Rubôki Traduction : Jacques Lalloz

Extraits

"Rubôki" appartient au genre du roman court - en tous cas, il fut publié comme tel - mais il n'a rien du roman. Ou, en tous les cas, pas grand chose. L'auteur imagine simplement une histoire de la construction de la Grande Muraille de Chine racontée à la première personne par l'un de ceux qui y participèrent. Le narrateur ne se nomme jamais, les villageois, les soldats, puis ses compagnons de misère restent à l'état de silhouettes et le Premier Empereur lui-même, bien que se déplaçant au milieu de multiples courtisans, ce prince Zhao Zheng qui deviendra Qín Shǐ Huángdì et laissera son nom à la Chine, n'apparaît que comme une marionnette fantôme.

Le texte comporte quatre chapitres, les paragraphes y forment des blocs bien serrés et l'Histoire n'est évoquée que pour légitimer la thèse de l'auteur, à savoir que mieux vaut rejoindre les tribus nomades des Xiongnus qui cherchaient à envahir le territoire chinois depuis le troisième siècle avant J. C. , que demeurer chinois.

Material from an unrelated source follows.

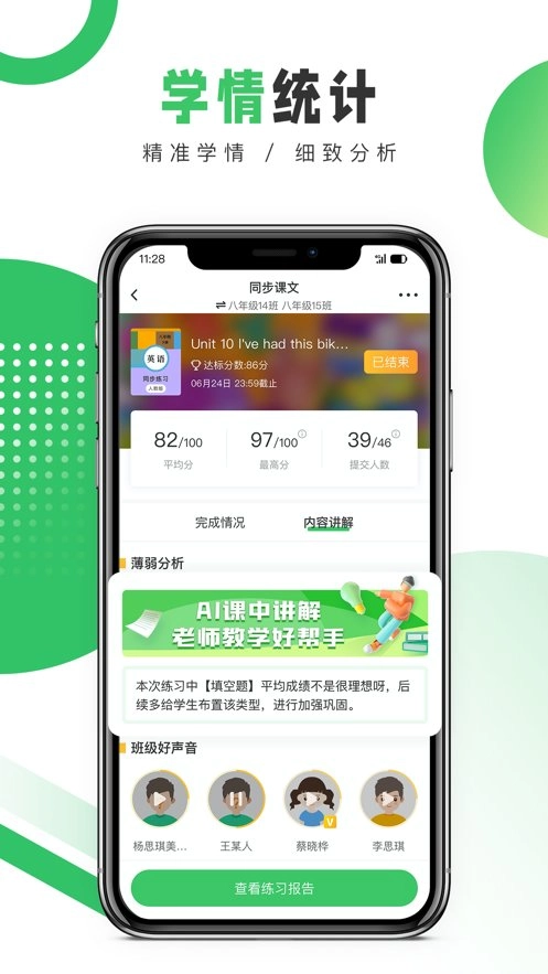 AI智能批改练习,助力老师告别传统批改工作;全面呈现学生练习情况,涵盖题型分析、班级整体表现、薄弱环节等内容。

Le narrateur ayant été enlevé à son village par les troupes impériales pour participer, contre son gré, à l'édification de la fameuse muraille, on comprend que le projet se défende. Mais il baigne dans un tel climat de nihilisme que la démonstration y perd finalement plus qu'elle n'y gagne.

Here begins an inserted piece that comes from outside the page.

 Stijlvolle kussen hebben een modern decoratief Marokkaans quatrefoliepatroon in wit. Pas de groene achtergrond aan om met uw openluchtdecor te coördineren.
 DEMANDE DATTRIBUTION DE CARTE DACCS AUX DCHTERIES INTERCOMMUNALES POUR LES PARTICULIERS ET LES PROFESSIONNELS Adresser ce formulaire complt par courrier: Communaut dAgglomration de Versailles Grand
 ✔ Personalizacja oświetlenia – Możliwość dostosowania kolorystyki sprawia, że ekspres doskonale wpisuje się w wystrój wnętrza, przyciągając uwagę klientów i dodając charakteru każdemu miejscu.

Que Qín Shǐ Huángdì, gagné par l'âpre folie du pouvoir, ait été un politique particulièrement implacable et, par voie de conséquence, peu enclin à la pitié, nul ne le contestera. Que tous ses efforts - unification des "Royaumes Combattants", unification de la langue et des caractères de l'écriture, unification des poids et mesures, détermination à protéger le tout nouvel empire de ses ennemis extérieurs - pour créer, à partir du chaos, un pays fort et stable, ne soient imputés qu'à sa seule soif de pouvoir, c'est par contre trafiquer l'Histoire. Bien que le phénomène soit fort à la mode, actuellement et dans certaines coteries, dans notre propre petit hexagone, ce procédé, outre son absence totale d'élégance, est et reste marqué, où qu'on le mette en place, au coin de l'une des formes les plus sournoises du totalitarisme : le totalitarisme intellectuel.

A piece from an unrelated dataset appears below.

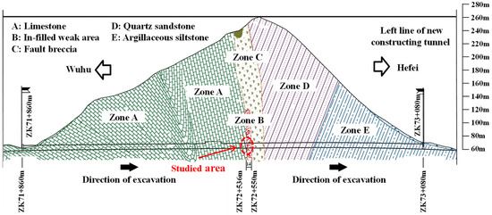 Zone A is composed of relatively complete and high-quality limestone, so the tunnel is excavated by drilling and blasting method and bench cut method. When close to zone B (ZK 72 + 530 m), altering with center diaphragm (CD) method, the new tunnel is excavated, which can reduce the rock disturbance caused by excavation and is suitable for large-span tunnels in weak surrounding rocks []. The excavation surface is divided into four parts. Each part is excavated by small mechanical or hand in sequence and supported with primary lining, bolts, and temporary middle wall. After a proper excavating interval of 4~5 m, the temporary middle wall is removed and then the second lining and inverted arch are installed. Zones C, D, and E are also excavated by drilling and blasting method and bench cut method because of the relatively good properties of rock strata in the three zones.

En l'espèce, cela empêche d'apprécier pleinement ce court récit, pourtant riche en détails sur l'époque étudiée. En s'obstinant à privilégier le vide et l'inutilité comme caractéristiques suprêmes de la politique menée par le Premier Empereur, Kaikô Takeshi se rend-il compte que leur ombre recouvre également les souffrances endurées par son héros et ceux qui l'entourent ? Au point, il faut l'admettre, de les faire à leur tour résonner comme des outres creuses. Mais, du coup, il n'y a plus lieu à démonstration et la fuite du narrateur vers les Barbares transformés en sauveurs parce que, semble-t-il, seuls gardiens d'une liberté qui tient en fait beaucoup plus de l'anarchie pure et simple, cette démonstration ne se justifie plus.

Pour tout dire, on sort de cette histoire avec une impression de malaise et sans avoir tout à fait compris, j'en ai peur, non seulement ce que voulait dire l'auteur mais aussi s'il avait conscience du côté assez fumeux de la thèse qu'il cherche ici à défendre.